EXERCISE DIRECTIONS:
Please give all of the data again, character for character, and drop the pictures.

--- SUPPLIED INFORMATION Enclosed Below ---

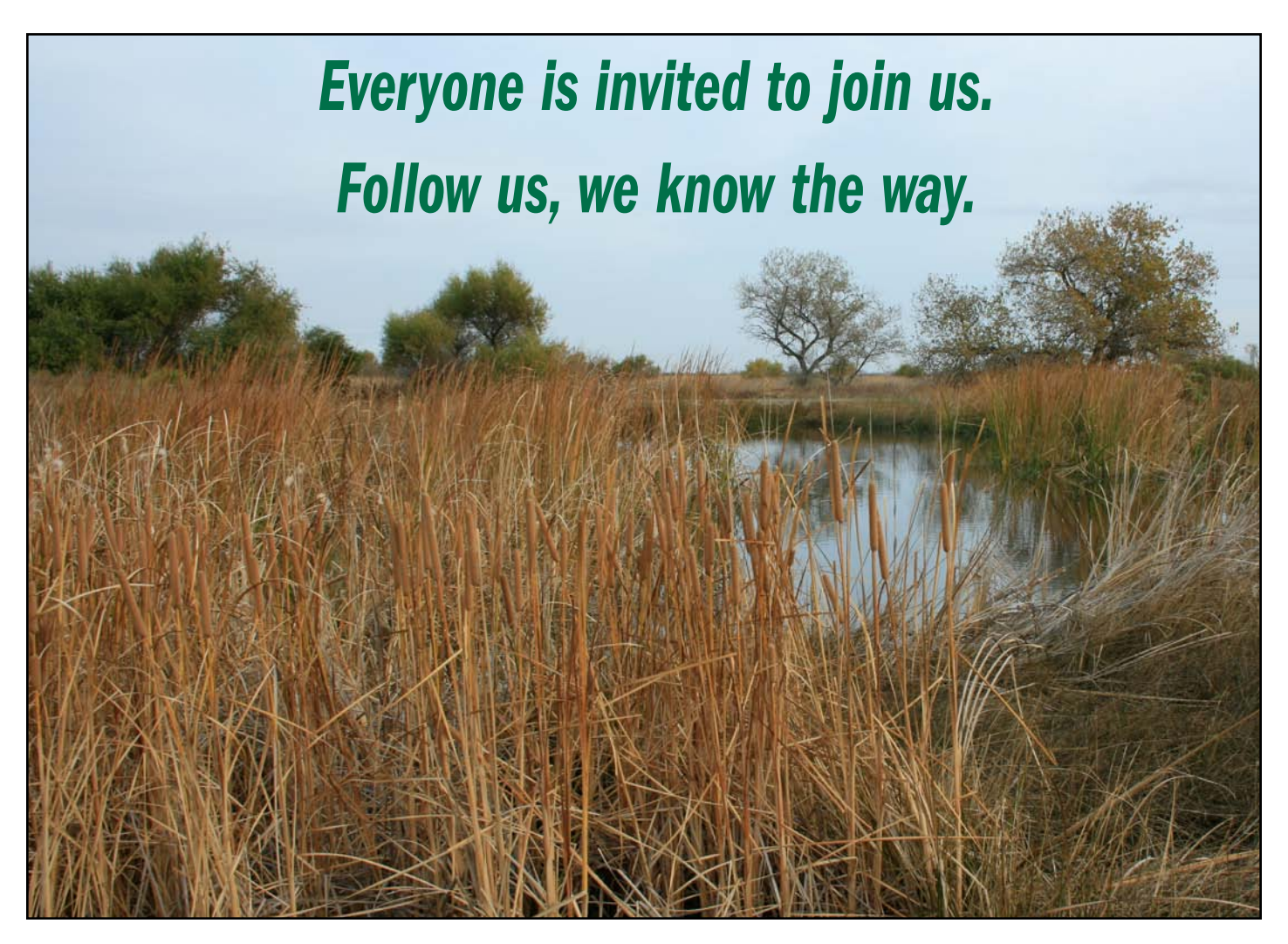
California has lost most of its coastal and interior wetlands to development. Shown here is the C.E. Van Atta Interpretive Marsh and Walking Trail at the Los Banos WIldlife area. November 2009 photo by Tom Politeo.

The Angeles Chapter leads these outdoor activities as a public service to everyone interested in coming along. We offer diverse physical activities — walks, hikes, kayaking, bicycling, backpacking, outdoor photography and more—all covered in these pages.
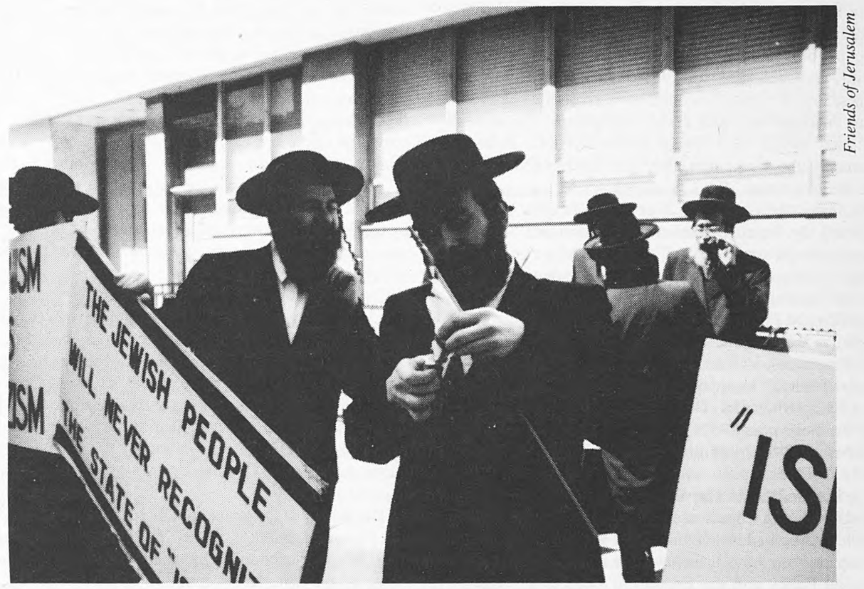
Anti-Zionist Orthodox Jews burning Israeli flag at counterdemonstration during New York's Israel independence day parade in May.

f the Americans or those who run international politics give a Palestinian state or a Palestinian-Jordanian state a franchise, then we would be more than just willing, we would fight to be included in that. An article of ours in Al-Fajr [Pro-PLO Palestinian newspaper published in Jerusalem] went something like this: Would the Neturei Karta disassociate itself from the PLO if the PLO recognized Israel? The PLO is at war with the Zionist establishment because of a material claim—lands taken away from them. Material-claims compromises may

--- End of Enclosed SUPPLIED INFORMATION ---

SOLUTION TO THE PROBLEM:
California has lost most of its coastal and interior wetlands to development. Shown here is the C.E. Van Atta Interpretive Marsh and Walking Trail at the Los Banos WIldlife area. November 2009 photo by Tom Politeo.

The Angeles Chapter leads these outdoor activities as a public service to everyone interested in coming along. We offer diverse physical activities — walks, hikes, kayaking, bicycling, backpacking, outdoor photography and more—all covered in these pages.
Anti-Zionist Orthodox Jews burning Israeli flag at counterdemonstration during New York's Israel independence day parade in May.

f the Americans or those who run international politics give a Palestinian state or a Palestinian-Jordanian state a franchise, then we would be more than just willing, we would fight to be included in that. An article of ours in Al-Fajr [Pro-PLO Palestinian newspaper published in Jerusalem] went something like this: Would the Neturei Karta disassociate itself from the PLO if the PLO recognized Israel? The PLO is at war with the Zionist establishment because of a material claim—lands taken away from them. Material-claims compromises may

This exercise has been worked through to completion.